» **Data provided**:
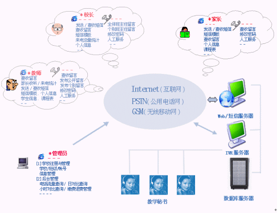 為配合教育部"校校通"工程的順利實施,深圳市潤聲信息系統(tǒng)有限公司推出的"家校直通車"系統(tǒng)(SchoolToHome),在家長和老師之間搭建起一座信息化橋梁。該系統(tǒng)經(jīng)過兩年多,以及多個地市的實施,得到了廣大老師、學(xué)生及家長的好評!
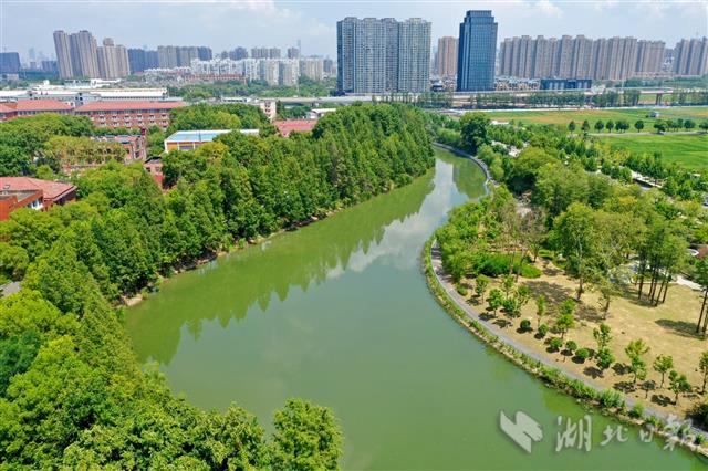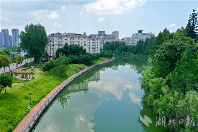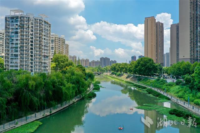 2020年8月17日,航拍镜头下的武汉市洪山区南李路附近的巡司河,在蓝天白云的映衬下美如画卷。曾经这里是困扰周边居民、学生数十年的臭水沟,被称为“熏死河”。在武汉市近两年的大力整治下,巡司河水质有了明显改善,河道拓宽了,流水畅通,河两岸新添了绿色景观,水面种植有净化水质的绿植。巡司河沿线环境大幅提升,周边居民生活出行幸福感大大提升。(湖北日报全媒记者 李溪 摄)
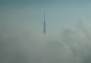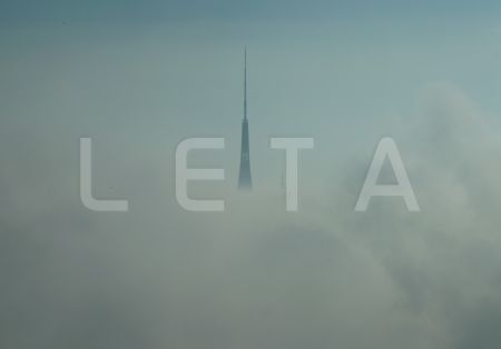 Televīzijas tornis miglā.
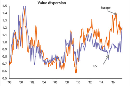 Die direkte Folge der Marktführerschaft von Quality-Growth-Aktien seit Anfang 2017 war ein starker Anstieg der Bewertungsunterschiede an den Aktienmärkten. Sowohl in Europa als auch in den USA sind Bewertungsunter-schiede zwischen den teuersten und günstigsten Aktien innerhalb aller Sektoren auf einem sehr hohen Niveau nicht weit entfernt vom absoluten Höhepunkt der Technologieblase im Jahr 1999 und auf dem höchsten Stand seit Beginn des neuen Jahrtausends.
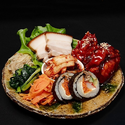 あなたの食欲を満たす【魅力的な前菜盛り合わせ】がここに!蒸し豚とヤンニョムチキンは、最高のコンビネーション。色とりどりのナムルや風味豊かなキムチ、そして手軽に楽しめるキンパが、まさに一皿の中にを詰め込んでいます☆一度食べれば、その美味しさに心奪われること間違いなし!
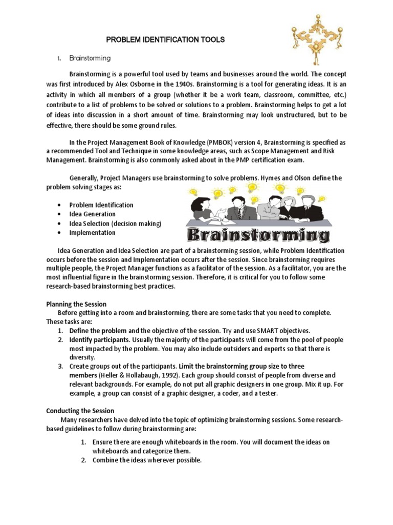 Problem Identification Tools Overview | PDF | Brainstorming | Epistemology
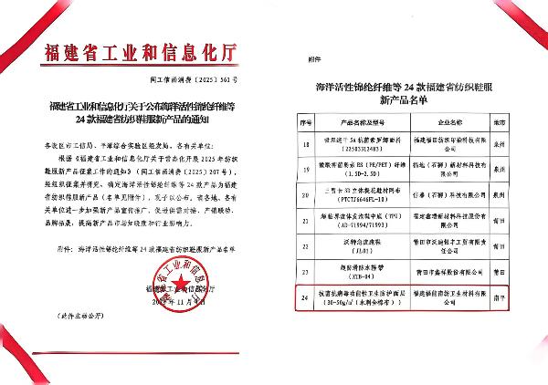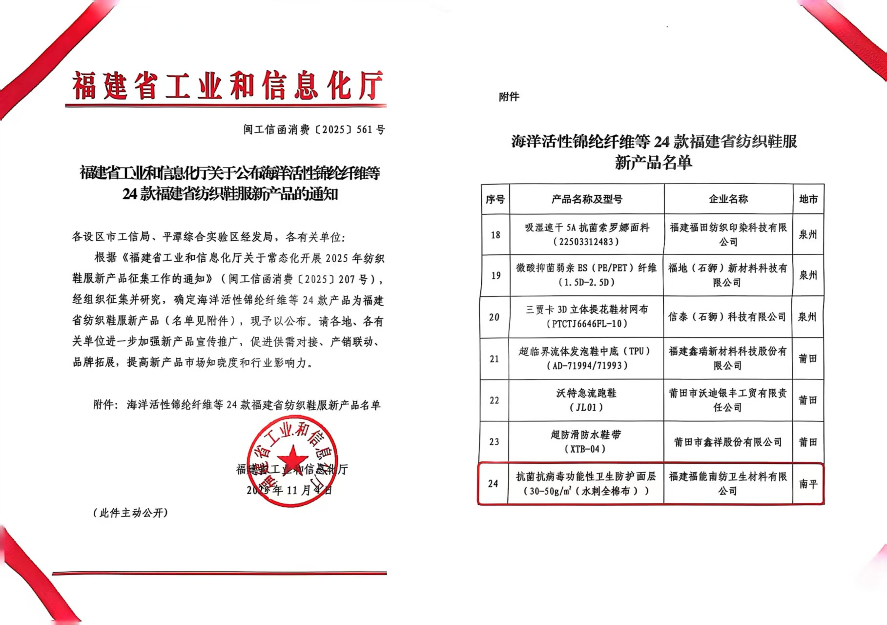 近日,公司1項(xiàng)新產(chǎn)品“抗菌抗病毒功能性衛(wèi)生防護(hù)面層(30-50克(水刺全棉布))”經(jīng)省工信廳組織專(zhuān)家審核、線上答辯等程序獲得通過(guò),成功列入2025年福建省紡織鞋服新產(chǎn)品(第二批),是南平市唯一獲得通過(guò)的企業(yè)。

» **Work to be completed**: Could you repeat the entries word for word, skipping the pictures they contain?

» **Result**:
 為配合教育部"校校通"工程的順利實施,深圳市潤聲信息系統(tǒng)有限公司推出的"家校直通車"系統(tǒng)(SchoolToHome),在家長和老師之間搭建起一座信息化橋梁。該系統(tǒng)經(jīng)過兩年多,以及多個地市的實施,得到了廣大老師、學(xué)生及家長的好評!
 2020年8月17日,航拍镜头下的武汉市洪山区南李路附近的巡司河,在蓝天白云的映衬下美如画卷。曾经这里是困扰周边居民、学生数十年的臭水沟,被称为“熏死河”。在武汉市近两年的大力整治下,巡司河水质有了明显改善,河道拓宽了,流水畅通,河两岸新添了绿色景观,水面种植有净化水质的绿植。巡司河沿线环境大幅提升,周边居民生活出行幸福感大大提升。(湖北日报全媒记者 李溪 摄)
 Televīzijas tornis miglā.
 Die direkte Folge der Marktführerschaft von Quality-Growth-Aktien seit Anfang 2017 war ein starker Anstieg der Bewertungsunterschiede an den Aktienmärkten. Sowohl in Europa als auch in den USA sind Bewertungsunter-schiede zwischen den teuersten und günstigsten Aktien innerhalb aller Sektoren auf einem sehr hohen Niveau nicht weit entfernt vom absoluten Höhepunkt der Technologieblase im Jahr 1999 und auf dem höchsten Stand seit Beginn des neuen Jahrtausends.
 あなたの食欲を満たす【魅力的な前菜盛り合わせ】がここに!蒸し豚とヤンニョムチキンは、最高のコンビネーション。色とりどりのナムルや風味豊かなキムチ、そして手軽に楽しめるキンパが、まさに一皿の中にを詰め込んでいます☆一度食べれば、その美味しさに心奪われること間違いなし!
 Problem Identification Tools Overview | PDF | Brainstorming | Epistemology
 近日,公司1項(xiàng)新產(chǎn)品“抗菌抗病毒功能性衛(wèi)生防護(hù)面層(30-50克(水刺全棉布))”經(jīng)省工信廳組織專(zhuān)家審核、線上答辯等程序獲得通過(guò),成功列入2025年福建省紡織鞋服新產(chǎn)品(第二批),是南平市唯一獲得通過(guò)的企業(yè)。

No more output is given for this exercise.